Claude 3.5 Sonnet API pricing is no longer the current Anthropic pricing tier: the closest current replacement is Claude Sonnet 4.6 at $3 per million input tokens and $15 per million output tokens, and this guide explains how that maps to older searches, how billing works, and where costs usually change in practice. For a broader overview, see our Claude pricing guide or the main Claude API hub.

- Free tier · no card
- API priced per million tokens
- The short answer
- How it works
- What it costs
- Limits and gotchas
- Other questions readers ask
- The honest take
The short answer

If you searched for claude 3.5 sonnet api pricing, the practical answer is this: Anthropic’s current general-purpose default is Claude Sonnet 4.6, priced at $3/M input tokens and $15/M output tokens through the API on platform.claude.com. Older searches for Claude 3.5 Sonnet usually mean “what does the mid-tier Claude model cost in the API?”, and today that price point is Sonnet 4.6, not a separate 3.5 listing on the current pricing page.
Anthropic bills API usage by tokens processed, not by request.

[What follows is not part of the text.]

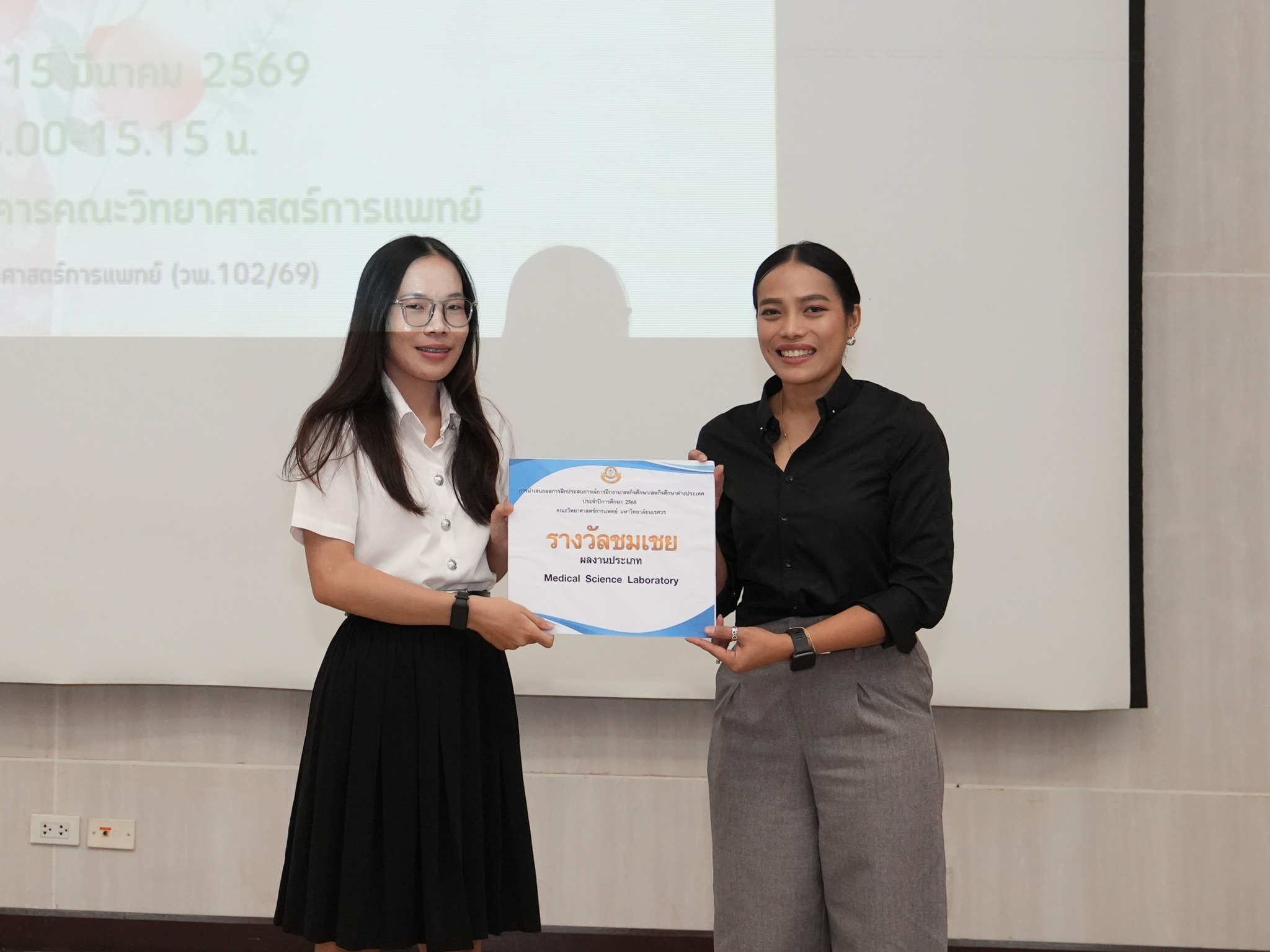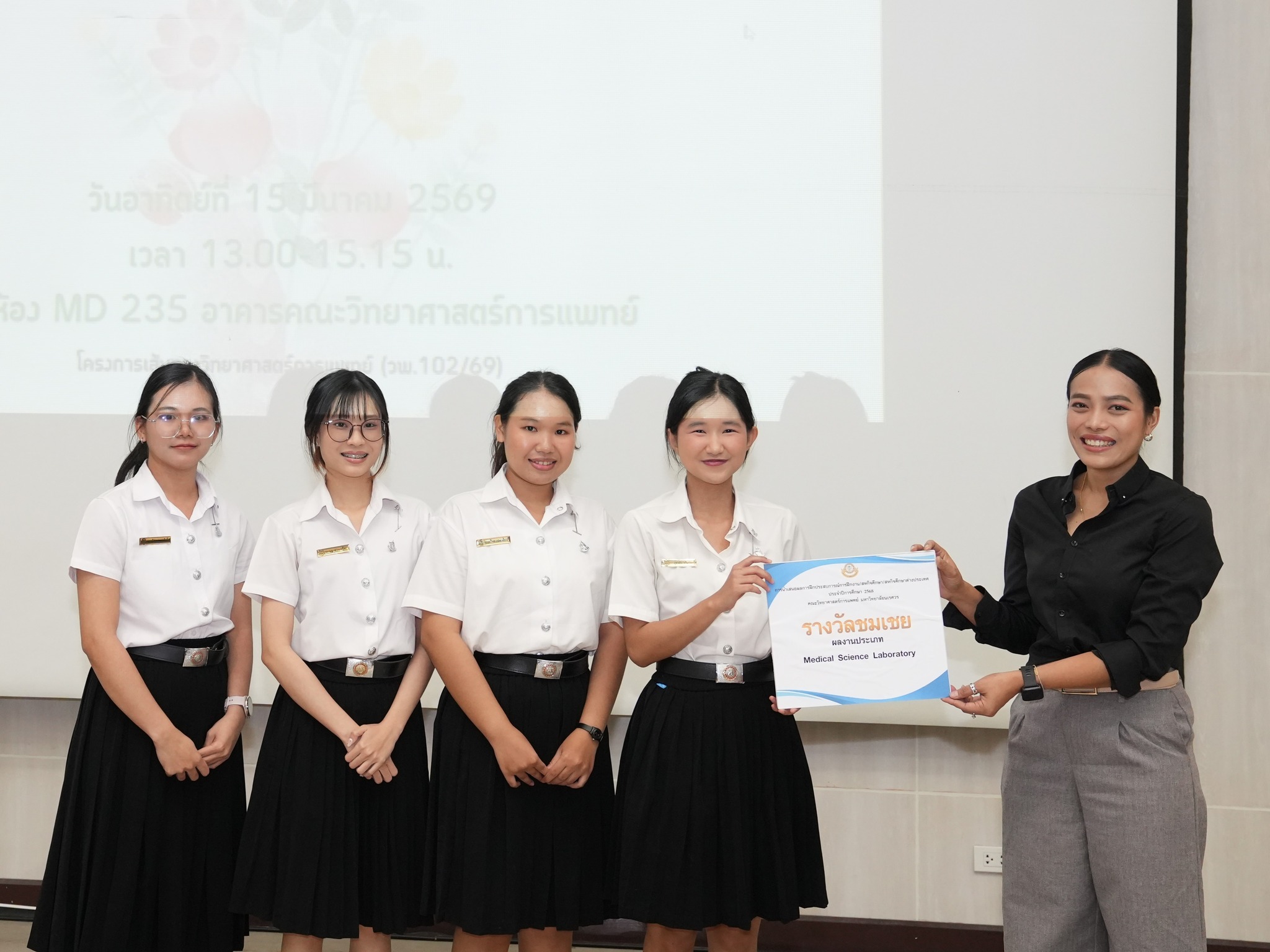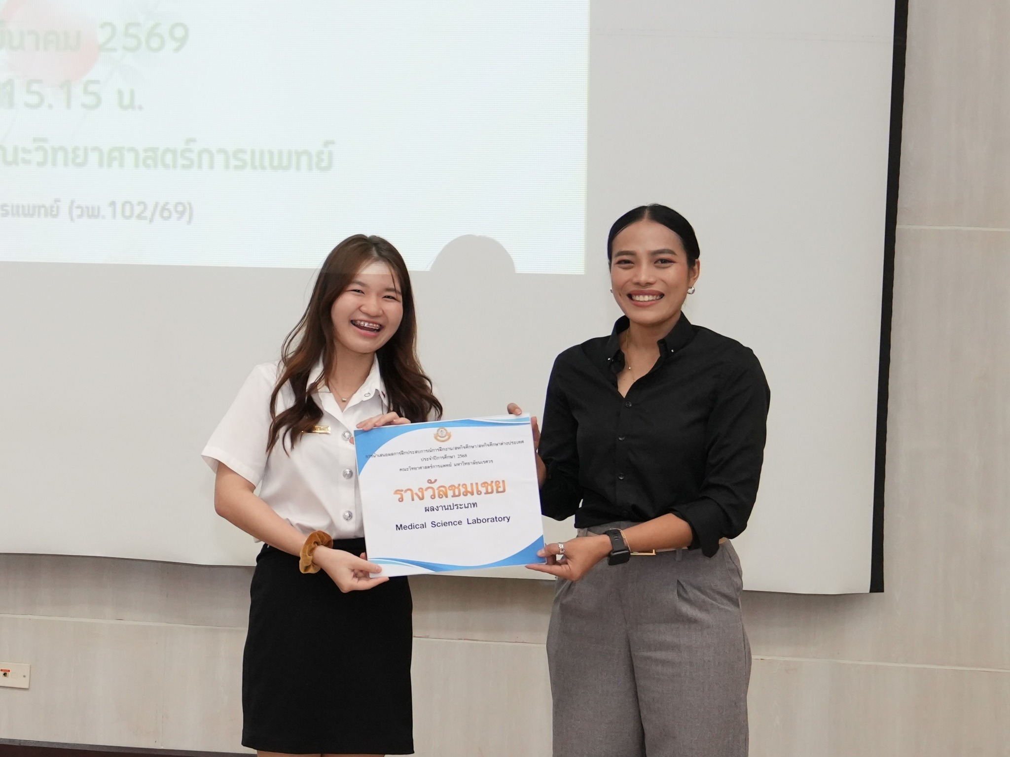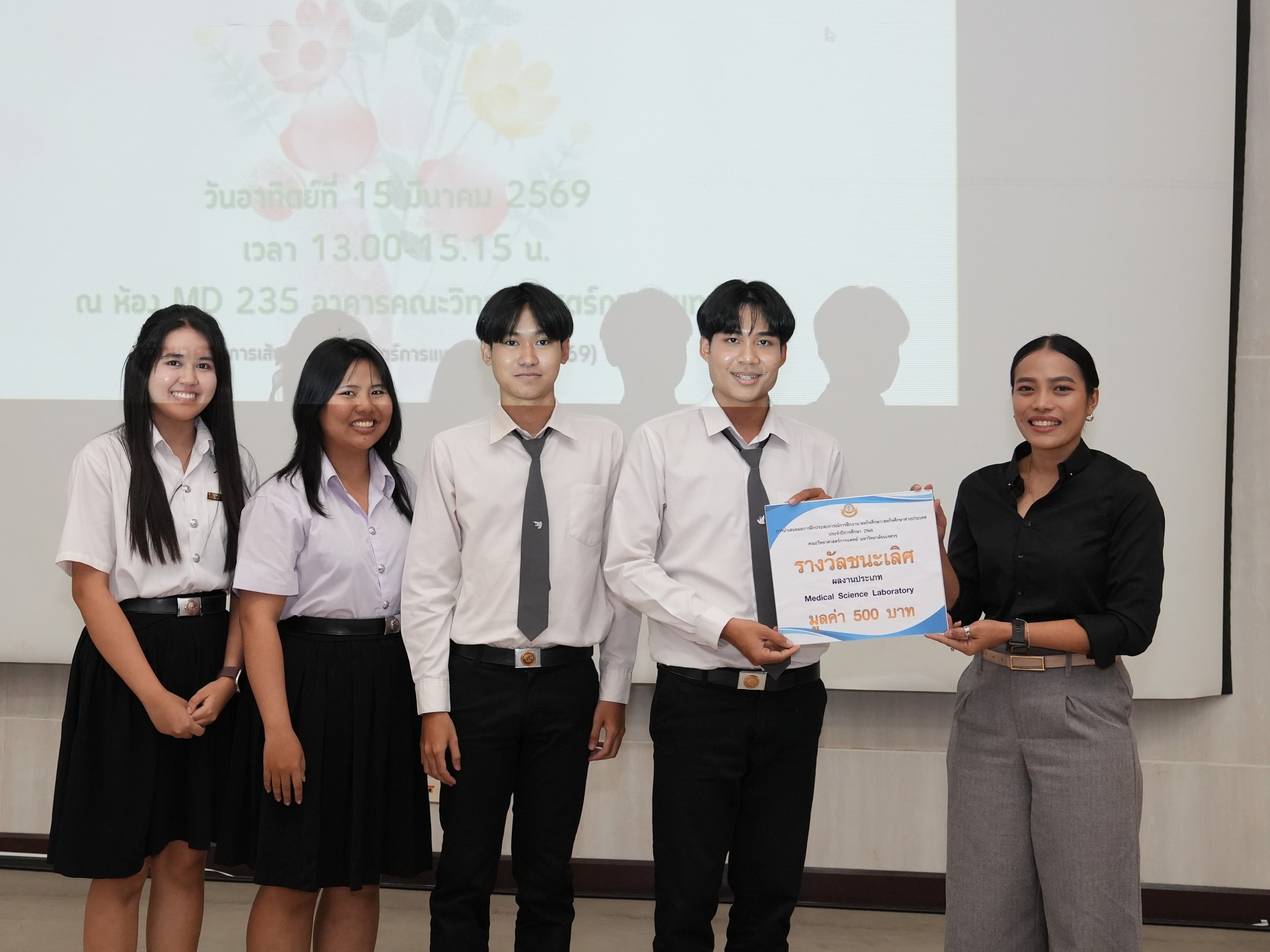 กับนิสิตหลักสูตรวิทยาศาสตรบัณฑิต สาขาวิชาวิทยาศาสตร์การแพทย์ ชั้นปีที่ 4 ที่ได้รับรางวัลการนำเสนอผลงานสหกิจศึกษา ภาคเรียนปลาย ปีการศึกษา 2568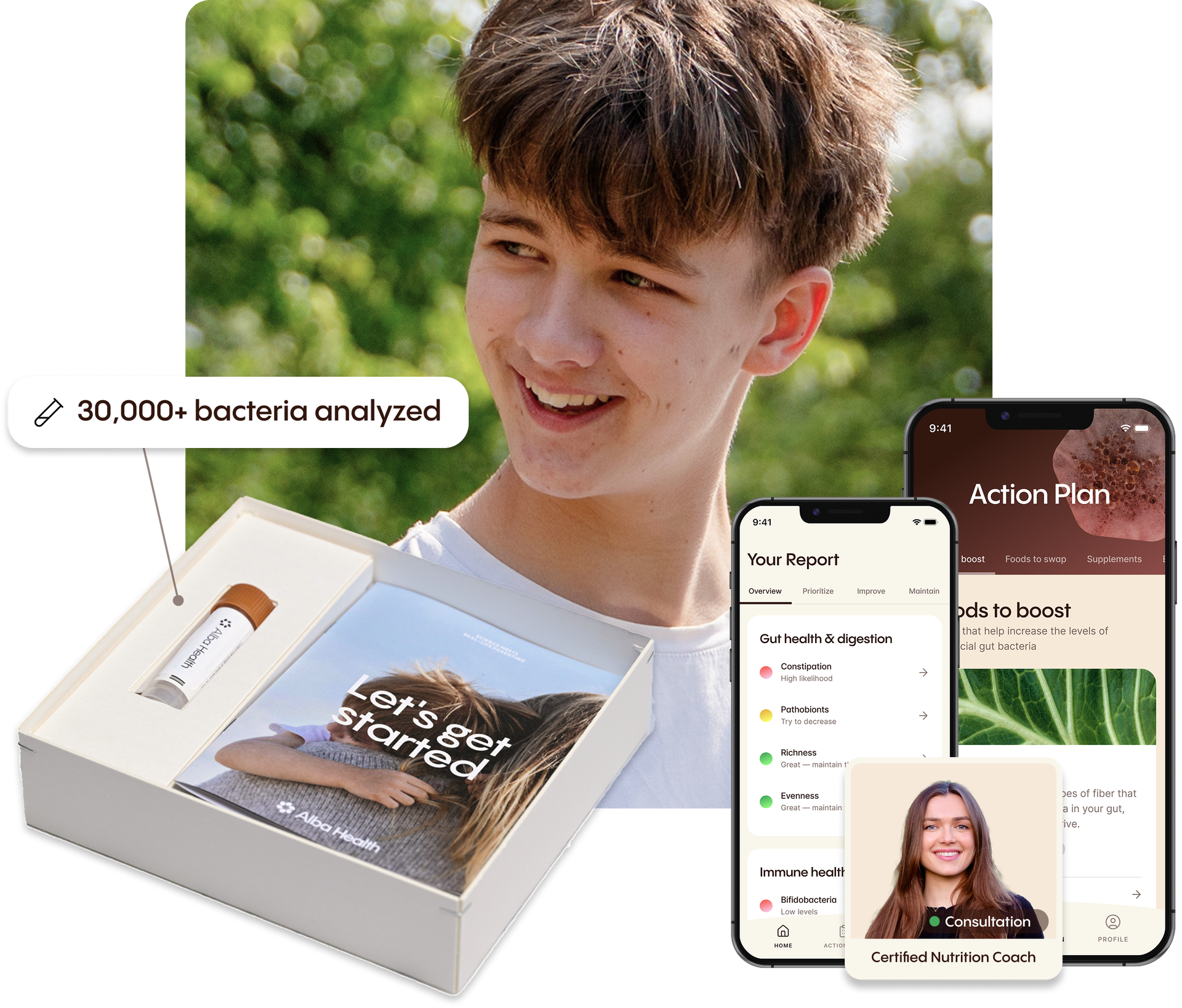 Stop treating low energy, bloating, skin issues, and hormonal ups and downs as your teen’s normal. Get personalized gut health data and guidance from a certified Nutrition & Health Coach to support a healthier gut.

Input tokens are what you send in the prompt and conversation history. Output tokens are what Claude generates back. If you are comparing model families, the current lineup is simple: Haiku 4.5 is cheapest, Sonnet 4.6 is the balanced default, and Opus 4.7 is the premium option. If you are new to the ecosystem, our independent Claude guide, Claude features overview, and Claude Code guide give the broader context.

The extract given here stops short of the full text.